» **SUPPLIED RECORDS**:

# # # # # # #

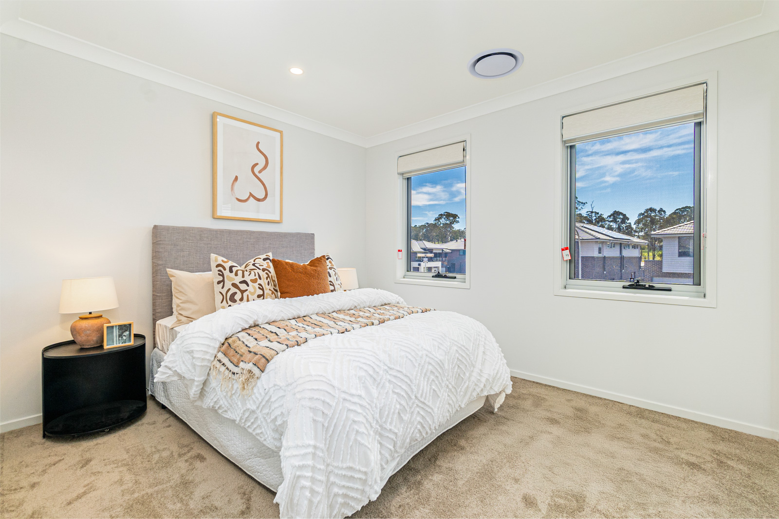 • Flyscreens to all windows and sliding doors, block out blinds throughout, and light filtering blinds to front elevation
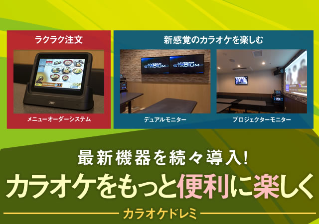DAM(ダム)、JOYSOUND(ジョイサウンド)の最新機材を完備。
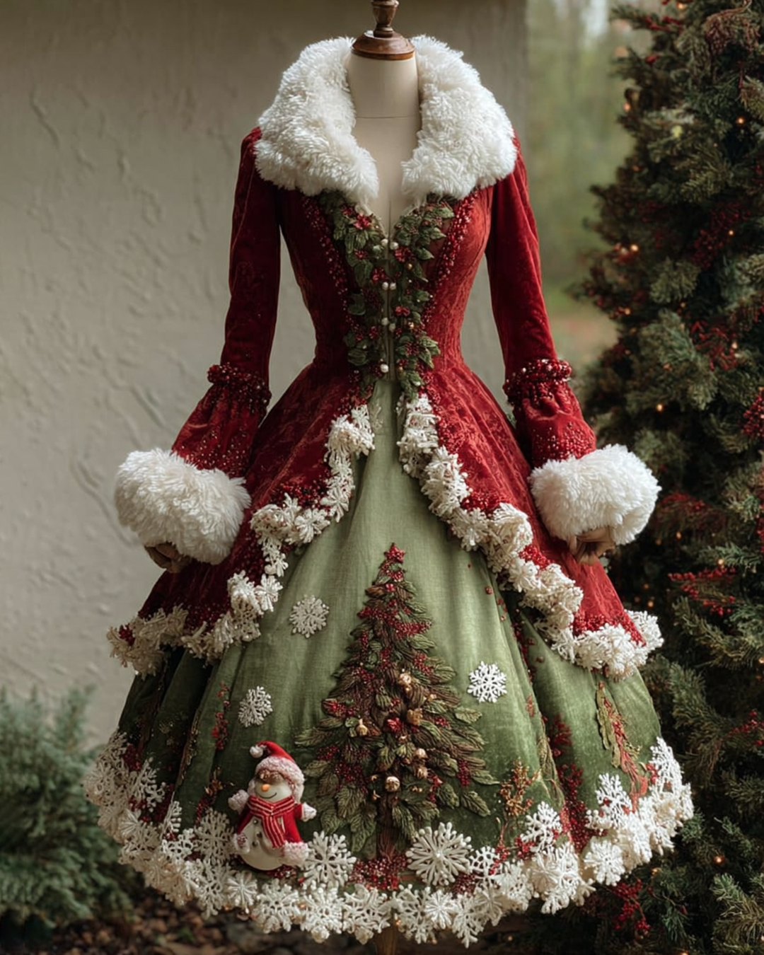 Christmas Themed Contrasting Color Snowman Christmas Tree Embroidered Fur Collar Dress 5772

# # # # # # #

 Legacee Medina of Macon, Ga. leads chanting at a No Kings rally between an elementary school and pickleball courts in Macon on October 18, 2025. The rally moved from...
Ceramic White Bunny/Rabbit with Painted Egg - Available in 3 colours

# # # # # # #

» **REQUIRED ACTION**: Starting with the line that contains "to front elevation" and finishing with the line that contains "Christmas Themed Contrasting", reproduce every line of the material above exactly, but not the pictures.

» **RESPONSE AREA**:
 • Flyscreens to all windows and sliding doors, block out blinds throughout, and light filtering blinds to front elevation
DAM(ダム)、JOYSOUND(ジョイサウンド)の最新機材を完備。
 Christmas Themed Contrasting Color Snowman Christmas Tree Embroidered Fur Collar Dress 5772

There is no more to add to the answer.